9 Responses to “Today’s column”

  1. Ankaret on February 7, 2010 10:07 am

    I have a multiply handicapped brother, and my own grandmother used to go off on rants to her close friends about what a shame it was and how she didn’t know how my mother coped without crying. I loved my grandmother and I realised she needed to express her feelings, but that particular quirk of hers drove me nuts. I thought your advice was absolutely right.

  2. Robin on February 7, 2010 10:45 am

    Thank you, Ankaret. I really, really hope something good can come of it for that girl.

  3. Shulamuth on February 7, 2010 2:53 pm

    I agree, although if the kid is indeed willing to run around in shorts and swimsuits, I’m not sure the issue is as dire as it could be.

    (On the other hand, as the 60 year old grandmother of an 18 year old, I’m not sure that the comments about age are going to hit home. Remarkable numbers of my contemporaries don’t acknowledge that they aren’t the same babes they were 30 years ago.)

  4. occhiblu on February 7, 2010 5:03 pm

    (On the other hand, as the 60 year old grandmother of an 18 year old, I’m not sure that the comments about age are going to hit home. Remarkable numbers of my contemporaries don’t acknowledge that they aren’t the same babes they were 30 years ago.)

    I think it’s kind of funny that this is the case in the comments on the Globe site, because it exactly proves Robin’s point. People are having this “I’m not old! I’m the same as I used to be!” reaction, which is probably more or less how the 12-year-old would like people to feel about her.

  5. Robin on February 7, 2010 5:31 pm

    I find that reaction ridiculous. For one thing, how anyone can read that letter and have their primary response be, “But *I* am still young and strong and beautiful!” rather than compassion for the granddaughter is beyond me. Clearly, some folks grow older but not up.

    Second, how much in denial can folks be? I’m 42. That’s relatively young, but come on. I make these involuntary noises when I get up from a kneeling or crouching position that I didn’t used to. I can’t recover from a long night of revelry or work as fast as I once could. I don’t break mirrors when I look into them — but I don’t turn heads when I walk into a room, either, and when I was 25 I did. I have plenty of “senior moments” (according to latest research, those start in your late 20s).

    Anyone who thinks they’re the same person at 75 as they were at 40, or at 40 as they were at 25, is delusional.

    BTW, Shulamuth, I too am impressed with the girl’s resilience. But the full letter made clear that she *is* aware of her grandmother’s feelings, and that it does affect her.

  6. Shulamuth on February 8, 2010 12:01 am

    My comment was about tactics, not truth. The woman writing the letter sounded sufficiently hung up in her own world view that it occurred to me she might not get the analogy.
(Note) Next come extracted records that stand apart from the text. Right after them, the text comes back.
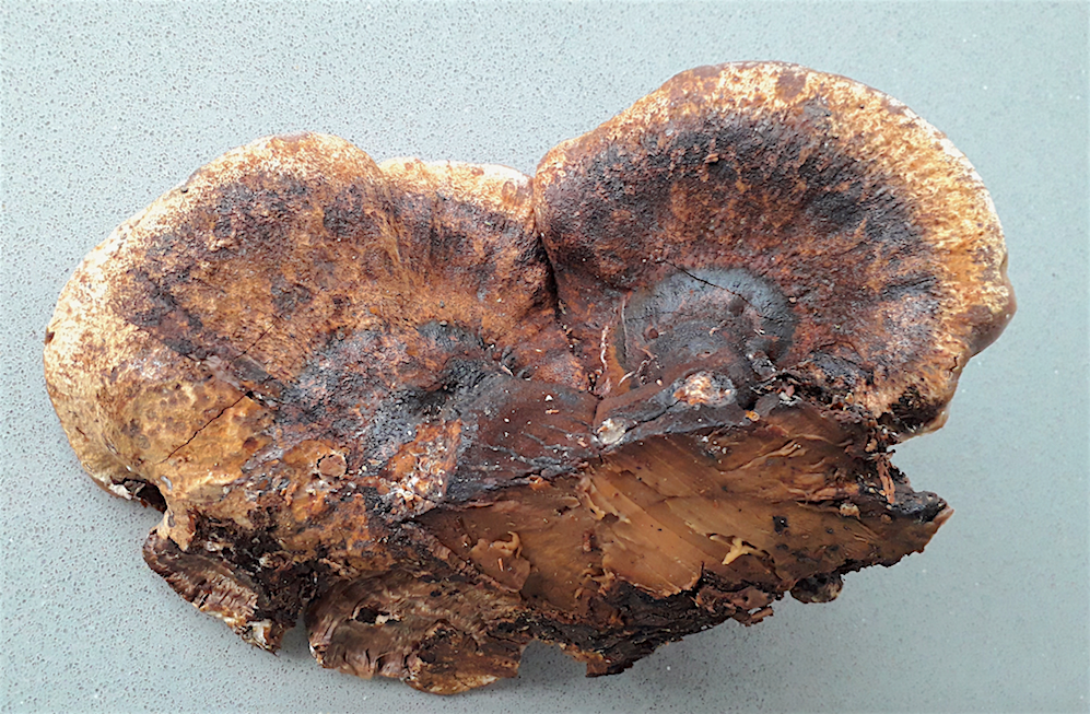 vermutlich Fichte oder Weisstanne. Geruch angenehm pilzig-süsslich. Die Fruchtkörper sind an der Basis zäh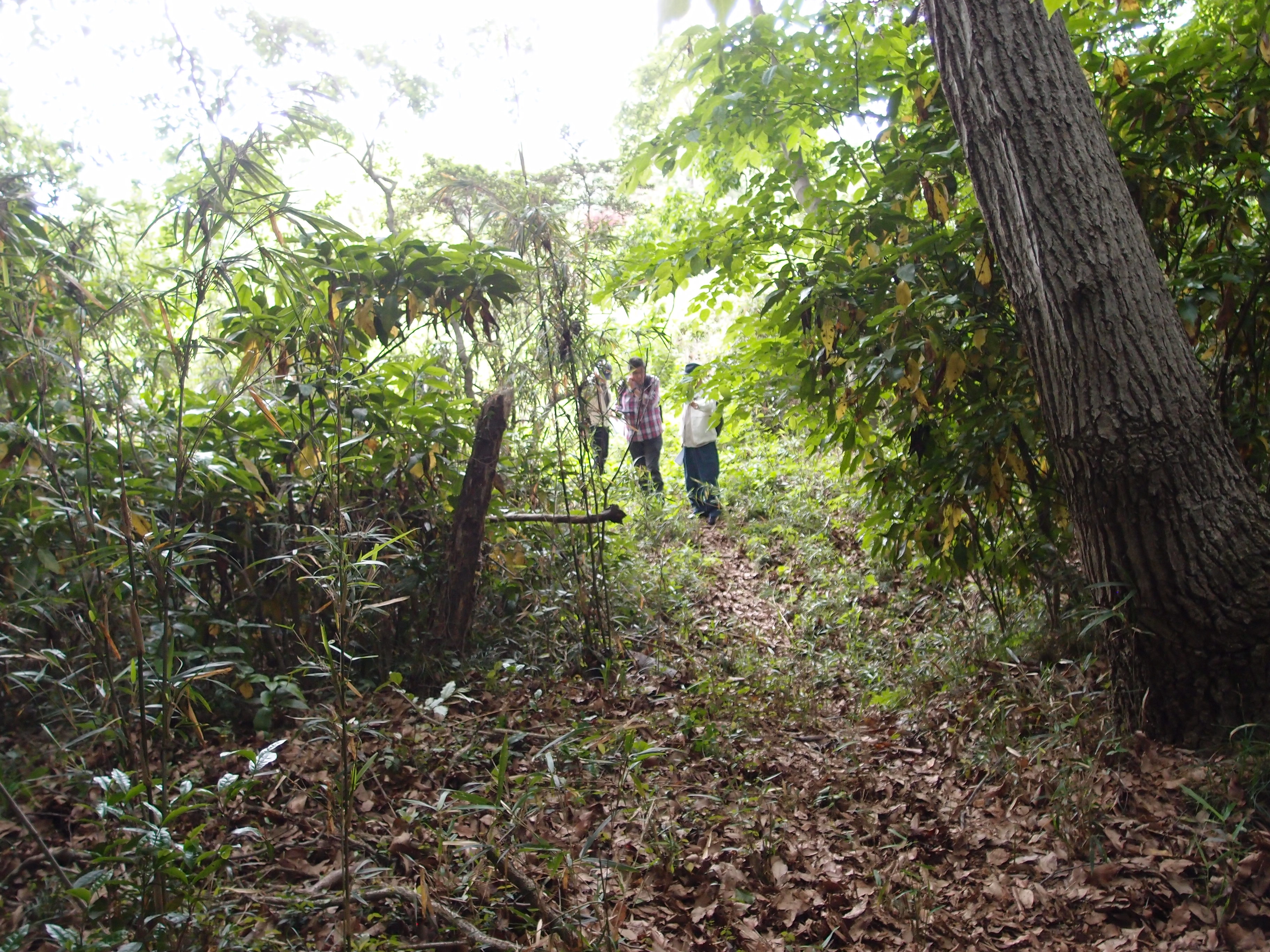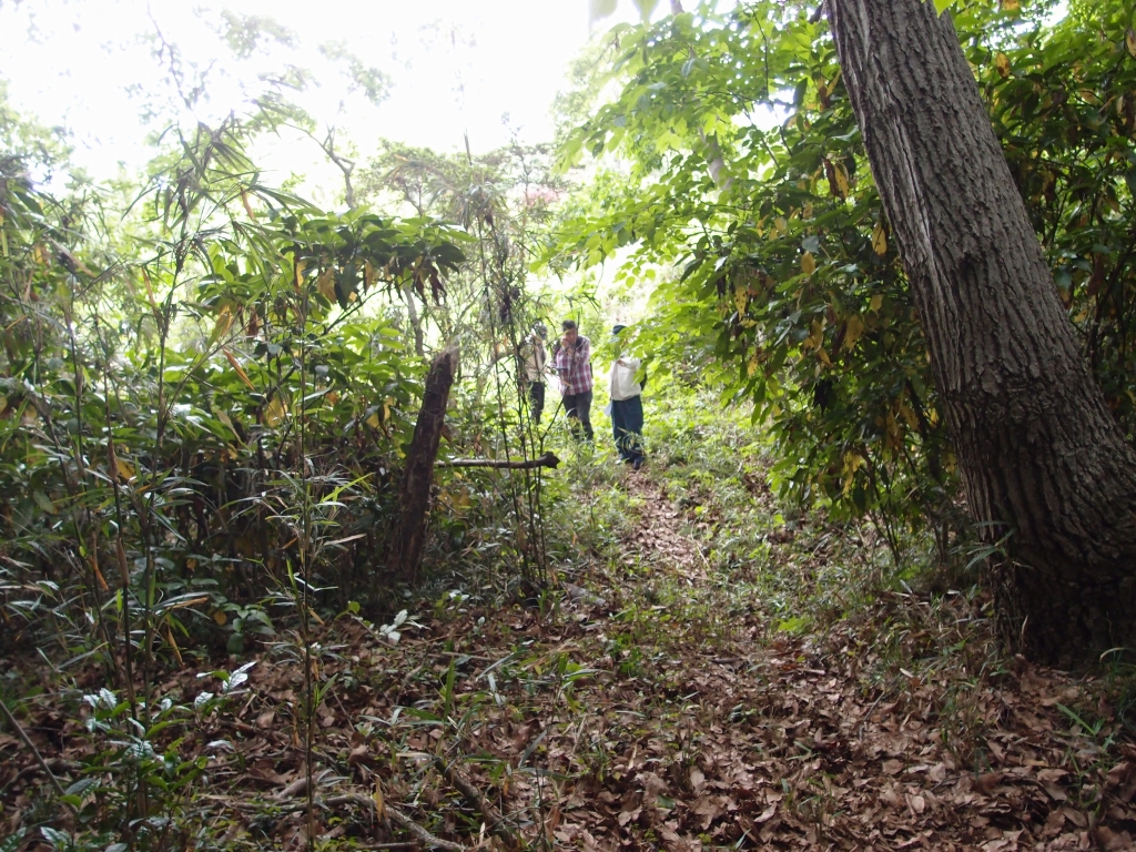 この入口を西の方に入っていくと一長々と穴がつづいていて、壁の面には一鍬一鍬の掘ったときの跡を残している。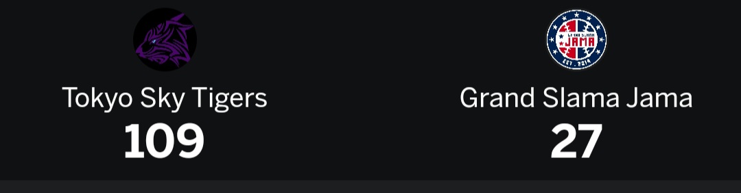 1 | Tokyo Sky Tigers | 5 | 0 | 0 | 1.000 | -- | 86 |

    It didn’t occur to me that a portion of the reading public would have the same issues. I’m somewhat appalled.

  7. Robin on February 8, 2010 8:12 am

    No, I got that, Shulamuth. I wasn’t ranting at you, just, um, around you. (My husband learned to tell THAT difference long ago!)

  8. Shulamuth on February 8, 2010 8:44 pm

    What a great way of phrasing that difference! I’m adding it to my vocabulary.

  9. MelissaJane on February 9, 2010 12:27 am

    My husband was born with a rare joint condition that required multiple major surgeries in childhood (like, 19 or 20; he lost track), beginning before he turned one. His mother finally had to ban her own mother from coming to “help” during his long hospital sojourns. She would sweep into his room sobbing “My baby! My baby! What have they done to my baby!” and it would get more drama-laden from there.

    So, Ankaret, there’s another grandmother who couldn’t control her own emotional responses around her grandson. Interesting, these grandmothers overwhelmed by these situations. Perhaps the mothers and fathers are close enough to the children and intimate enough with the medical mishegas to see the whole child in perspective, rather than inflating the medical issues out of proportion.

    Obviously, I strongly agree that your advice was right on the money, Robin.